DATASET EXCERPTS:
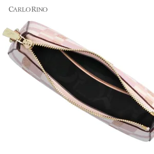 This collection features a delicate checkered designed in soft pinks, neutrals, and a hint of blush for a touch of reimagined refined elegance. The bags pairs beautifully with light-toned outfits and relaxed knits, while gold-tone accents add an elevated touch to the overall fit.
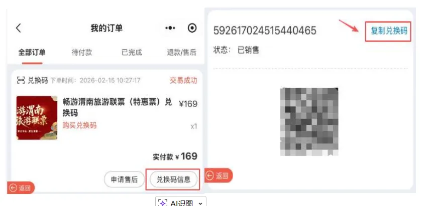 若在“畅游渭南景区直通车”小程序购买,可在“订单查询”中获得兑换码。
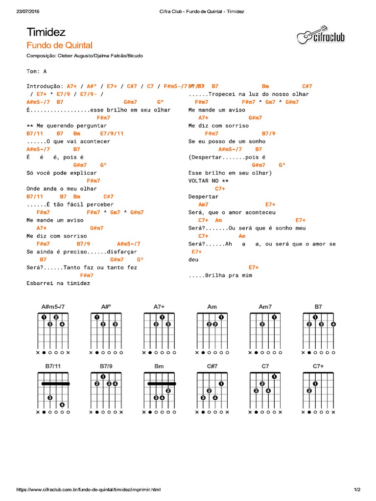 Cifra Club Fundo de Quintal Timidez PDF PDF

---

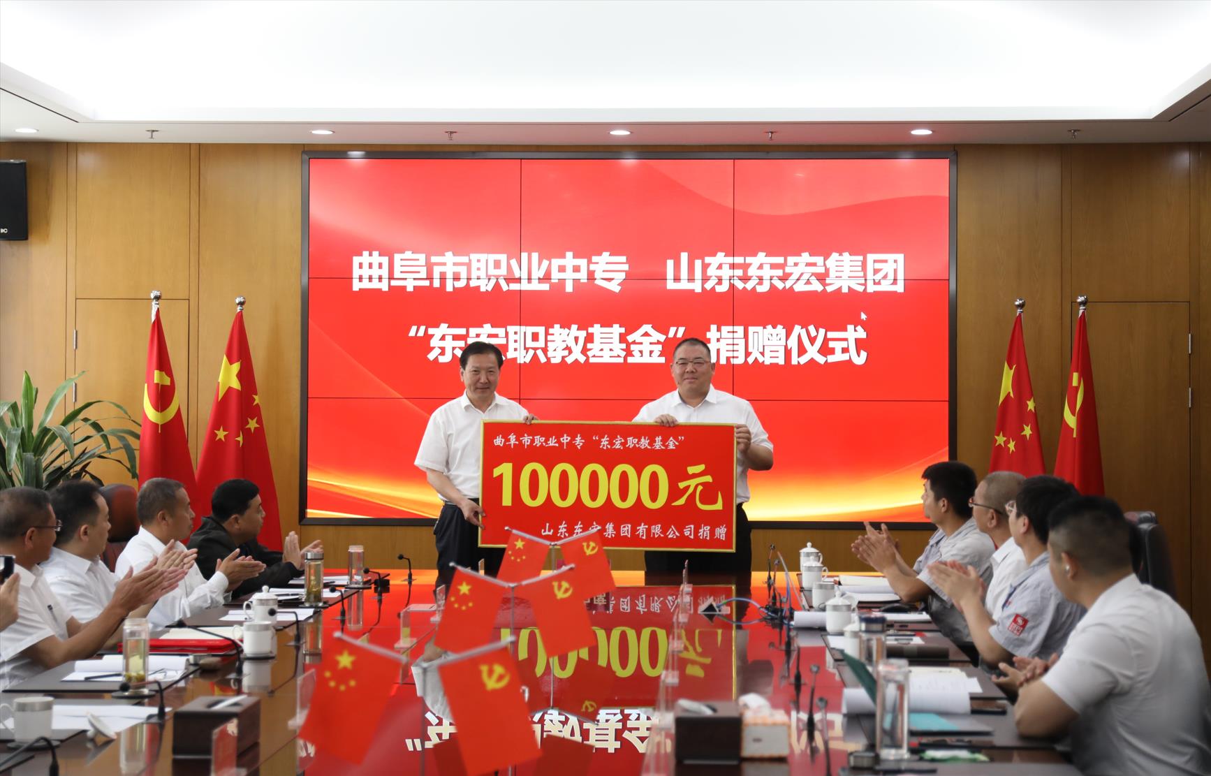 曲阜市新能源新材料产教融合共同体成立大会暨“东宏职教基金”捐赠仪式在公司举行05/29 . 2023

==

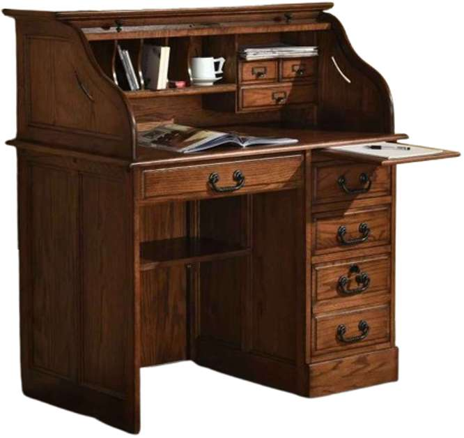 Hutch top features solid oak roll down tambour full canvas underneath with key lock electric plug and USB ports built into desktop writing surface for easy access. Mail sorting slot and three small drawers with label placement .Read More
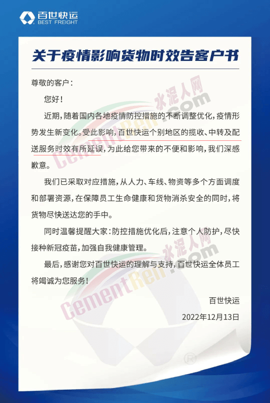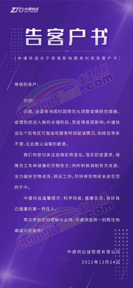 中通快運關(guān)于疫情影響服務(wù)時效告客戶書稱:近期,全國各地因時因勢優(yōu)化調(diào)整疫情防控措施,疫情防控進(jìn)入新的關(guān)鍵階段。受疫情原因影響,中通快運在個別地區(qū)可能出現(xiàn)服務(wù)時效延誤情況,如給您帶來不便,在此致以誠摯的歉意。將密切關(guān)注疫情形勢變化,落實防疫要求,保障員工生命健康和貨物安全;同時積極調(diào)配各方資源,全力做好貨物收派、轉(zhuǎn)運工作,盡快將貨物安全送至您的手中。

REQUIRED ACTION:
Given the listing above, retype only the span of lines from the line with "This collection features" up to and including the line with "Cifra Club Fundo de Quintal Timidez PDF PDF", exactly as it stands and without pictures.

OUTPUT:
 This collection features a delicate checkered designed in soft pinks, neutrals, and a hint of blush for a touch of reimagined refined elegance. The bags pairs beautifully with light-toned outfits and relaxed knits, while gold-tone accents add an elevated touch to the overall fit.
 若在“畅游渭南景区直通车”小程序购买,可在“订单查询”中获得兑换码。
 Cifra Club Fundo de Quintal Timidez PDF PDF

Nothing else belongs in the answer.